In binary feature domains, the attack is commonly expressed as: $\min_{\delta \in \{-1,0,1\}^d}\|\delta\|_0 \quad \text{s.t.} \quad x' = x+\delta \in \{0,1\}^d,~~f(x') < \tau,~~x' \in \mathcal{F}_{\text{valid}}$ where $\mathcal{F}_{\text{valid}}$ encodes domain-specific constraints (e.g., manifest consistency in APKs, PE structural integrity) (Jafari et al., 14 May 2025, Suciu et al., 2018, Kolosnjaji et al., 2018).

For raw-byte attacks, constraints typically include executable validity (e.g., preserving the PE header, not altering control flow) and may limit perturbations to append-only payloads or modification of “slack” regions (Suciu et al., 2018, Kolosnjaji et al., 2018).

2. Attack Methodologies: Discrete, Feature, and Byte-Space Techniques

Binary Feature-Space Attacks

Gradient-based attacks in binary domains are challenging due to non-differentiability. Surrogate relaxations optimize over $[0,1]^d$ using smooth proxies for Hamming distance and iteratively round solutions back to discrete values (Jafari et al., 14 May 2025).
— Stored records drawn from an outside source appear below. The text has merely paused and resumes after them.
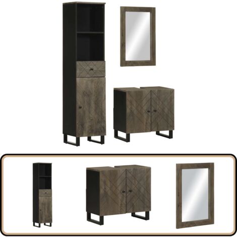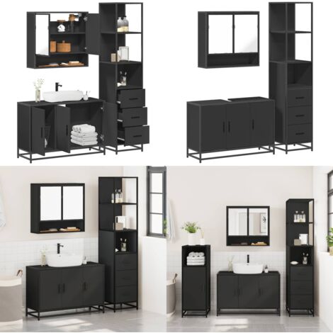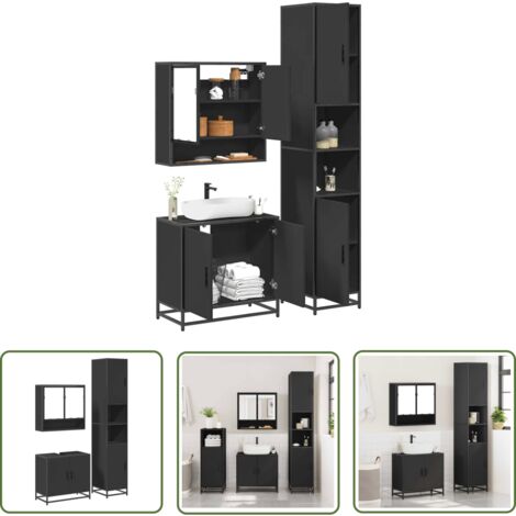 Massbinet 3-teiliges Badmöbel-Set Schwarz - Moderner Badezimmerschrank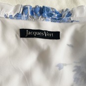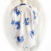 ゆったりとしたシルエットと、ひろくあいた襟元のフリルや、ブルーのフラワープリントがレトロな雰囲気をかもしだしているチュニック。
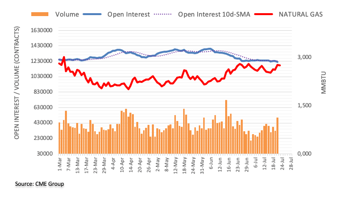 Prices of natural gas rose markedly and approached the key $2.80 region on Thursday. The daily gains, however, were amidst diminishing open interest and hints at the idea that a correction could be in store for the commodity in the very near term. In the meantime, there is a solid up-barrier at the June peak of $2.878 (June 28) ahead of the March high at $3.02 per MMBtu (March 3).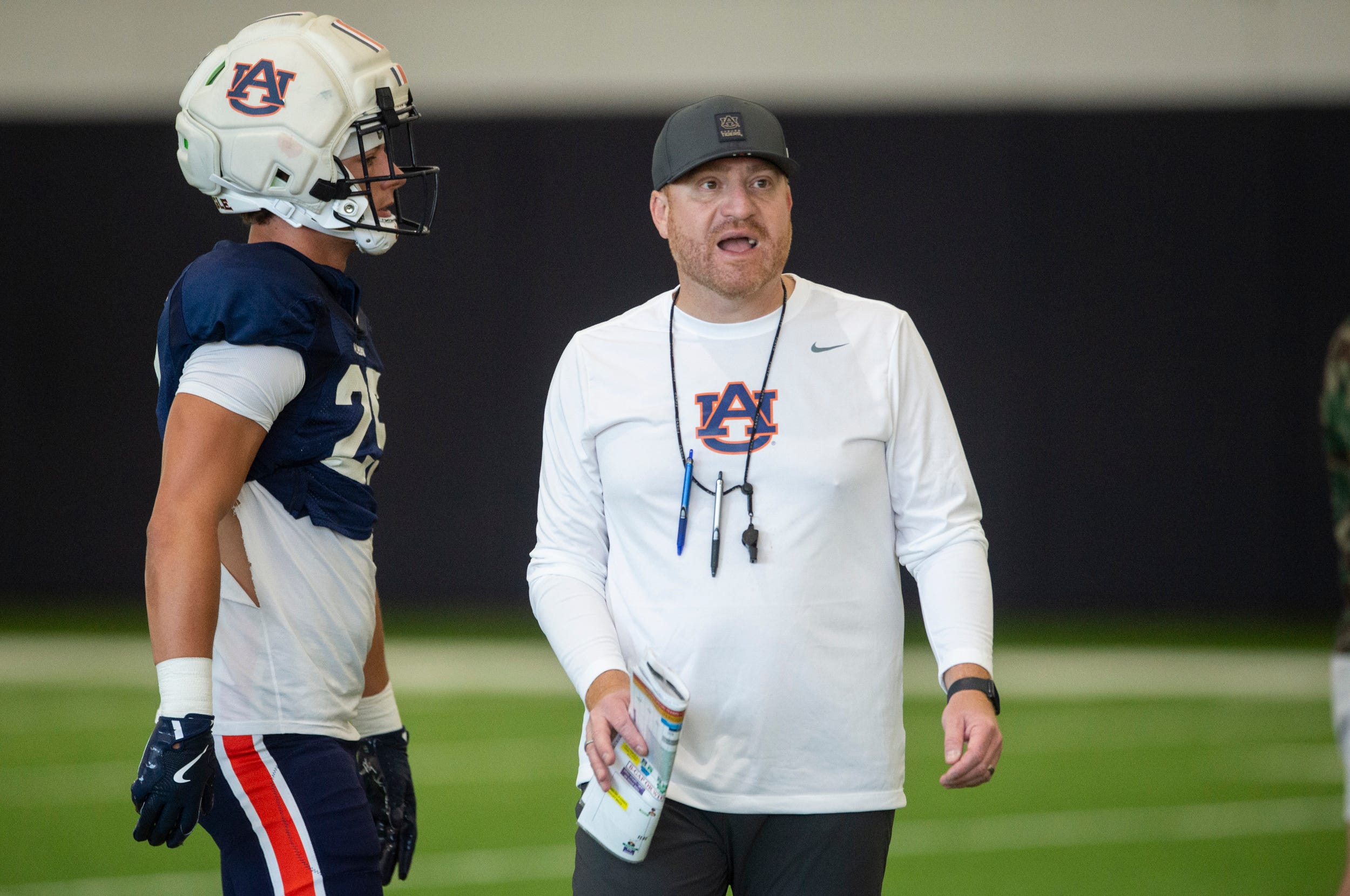 Auburn Tigers head coach Alex Golesh talks with his team during practice at Woltosz Football Performance Center in Auburn, Ala. on Thursday, April 16, 2026.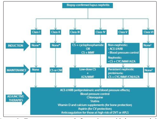 The treatment of LN is dictated by the class of the disease and degree of activity and chronicity indices. All patients should receive adjuvant therapies as indicated and if tolerated. There should be a risk-benefit evaluation when deciding whether to use immunosuppression in patients with increased chronicity indices (i.e. glomerular sclerosis with tubulo-interstitial fibrosis) because of the increased risk of side-effects of treatment. The approach to treatment often involves two phases for patients with proliferative LN (class III, class IV and mixed classV) [46, 47].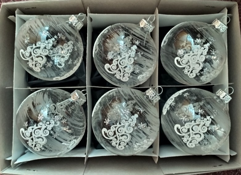 +420 731 683 257vanocniozdoby@slezska-tvorba.czSkleněná vánoční ozdoba ve tvaru koule, hladká, čirá, lesk, bílý dekor stromů, více velikostí. Foto ilustrační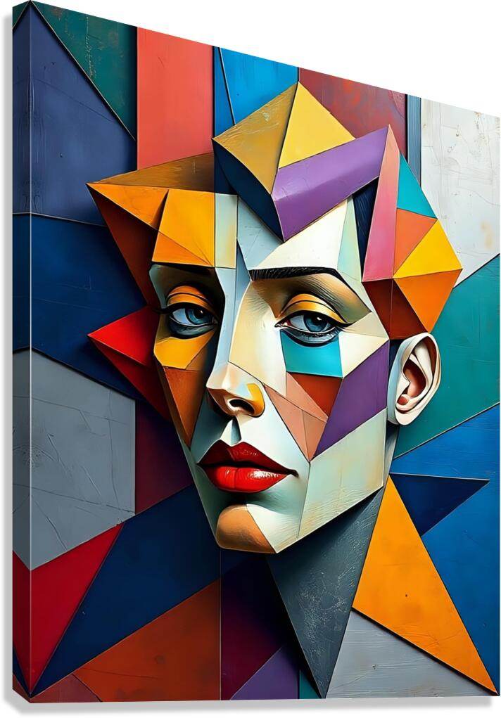 Experience the revolutionary art of Cubism Art 14 - Cubist-Geometric-Vibrant-Expressive. This stunning artwork features a captivating portrait rendered in the iconic cubist style, with bold geometric shapes and vibrant colors including brilliant yellows, deep blues, passionate reds, and striking pinks. The fragmented facial features and angular forms create a mesmerizing visual experience that captures the essence of modern artistic expression and geometric beauty.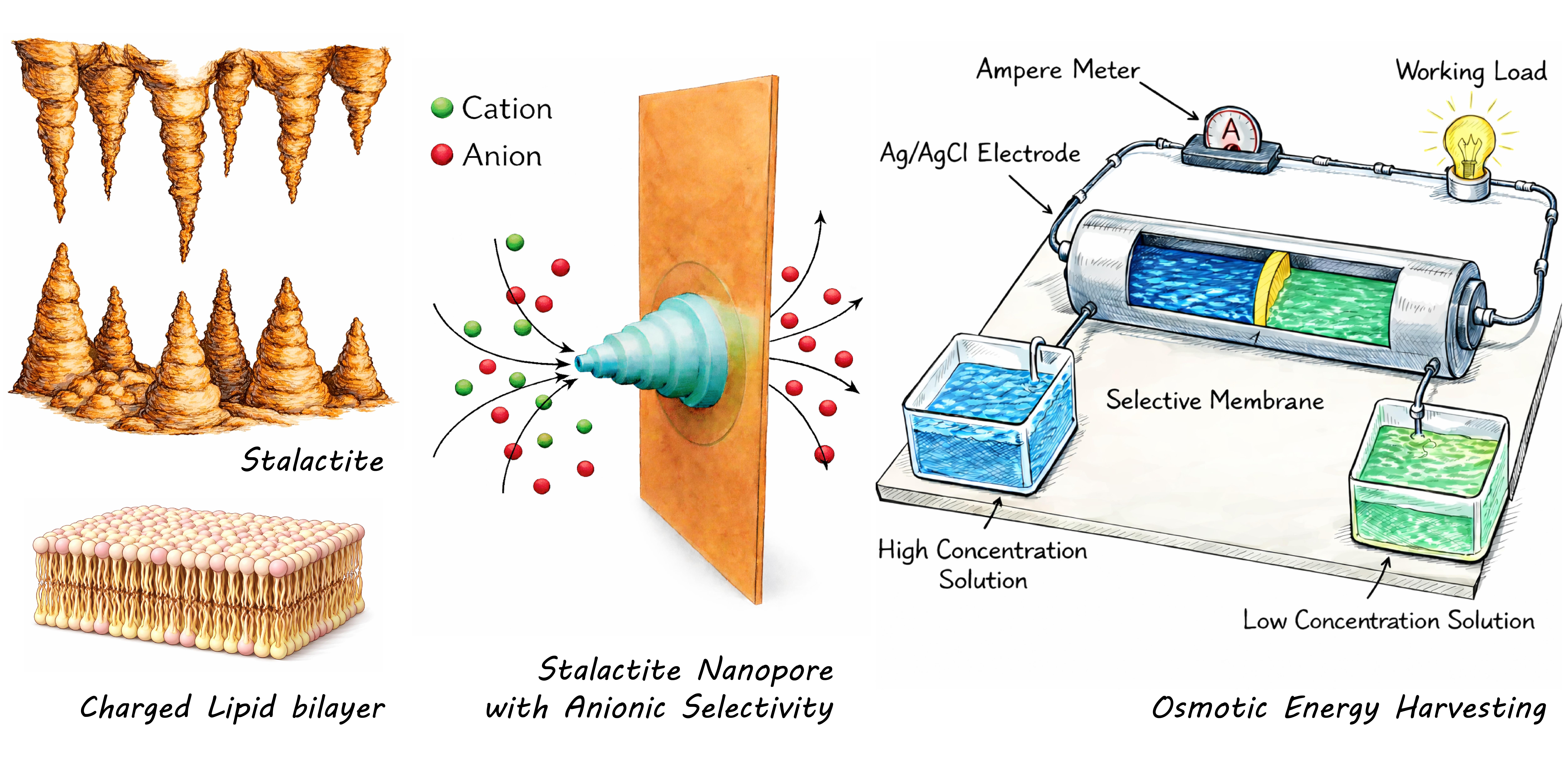 Osmotic energy, often called blue energy, is a promising way to generate sustainable electricity from the natural mixing of salt and fresh water. It exploits the voltage that arises when ions from salt water pass through an ion-selective membrane toward water with a lower salt concentration. However, membranes that let ions flow quickly are usually less selective, and challenges such as maintaining charge separation and mechanical robustness have kept most osmotic energy systems at the experimental stage.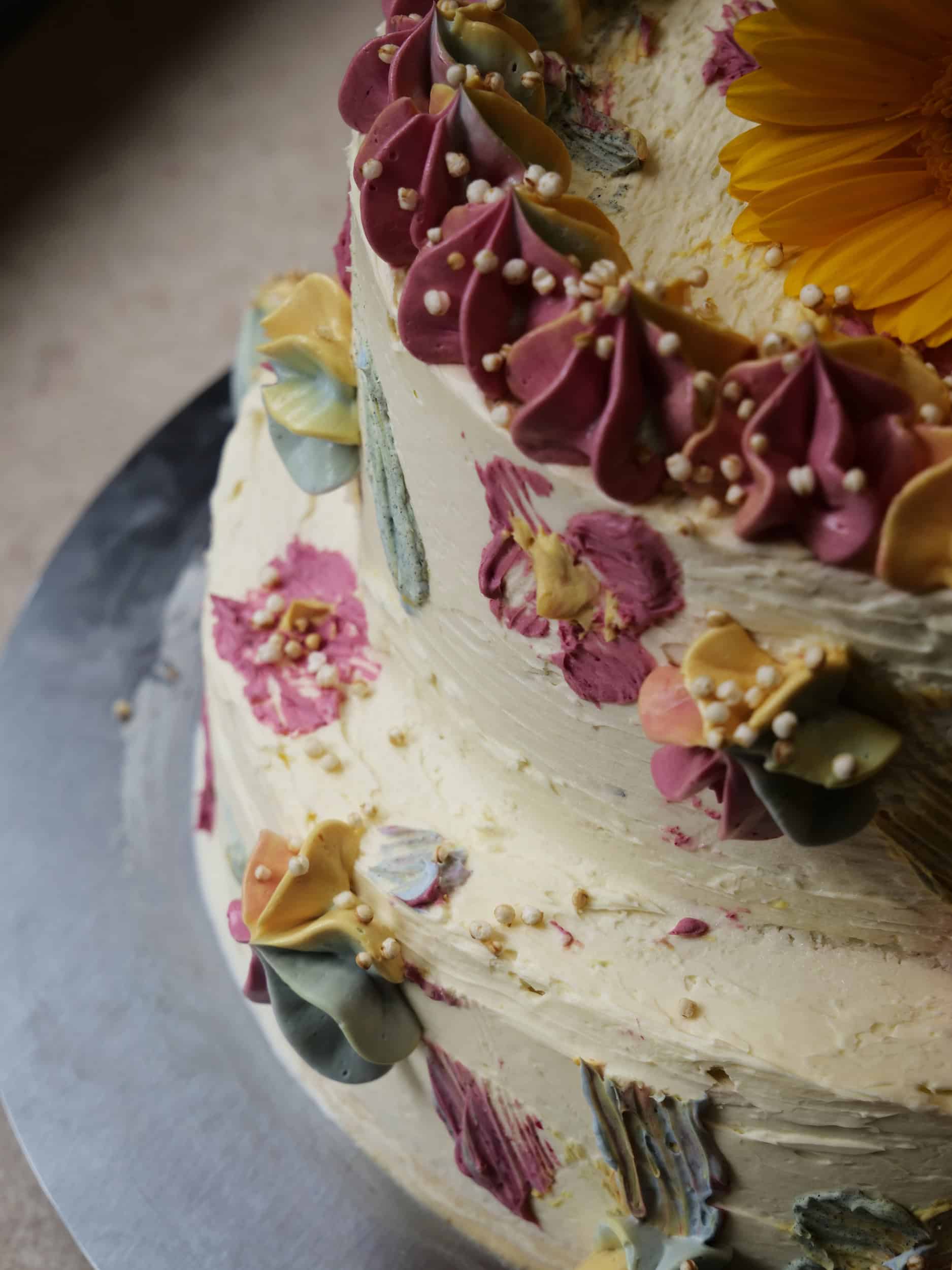 - Die beiden Tortenböden werden nun gestapelt und nochmals mit einer dünnen Schicht Buttercreme zusammengefügt. Jetzt kann die Torte nach belieben dekoriert werden. Ich habe mich für farbige Buttercremerosetten und Quinoapuffs, sowie frische Blumen als Dekoration entschieden.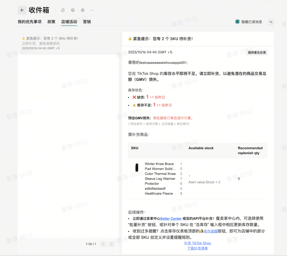 A3:关闭“通知设置”后,你将不会再通过邮件、消息中心或 App 推送收到任何形式的补货提醒。但是,在“库存管理”页面,相关商品依然会被标记为“低库存”状态,你仍然可以手动筛选和查看它们。​

Techniques include:

Sigma-binary attack: Optimizes a relaxed objective combining detector loss and a smooth Hamming penalty, with adaptive sparsification to produce highly sparse, effective perturbations.
Prioritized Binary Rounding (PBR): Orders features by perturbation magnitude and gradient importance, flipping bits greedily until evasion is achieved (Jafari et al., 14 May 2025).
FGSM and coordinate ascent: Deterministic and randomized rounding after signed or saliency-driven bit flips (Al-Dujaili et al., 2018, Podschwadt et al., 2019).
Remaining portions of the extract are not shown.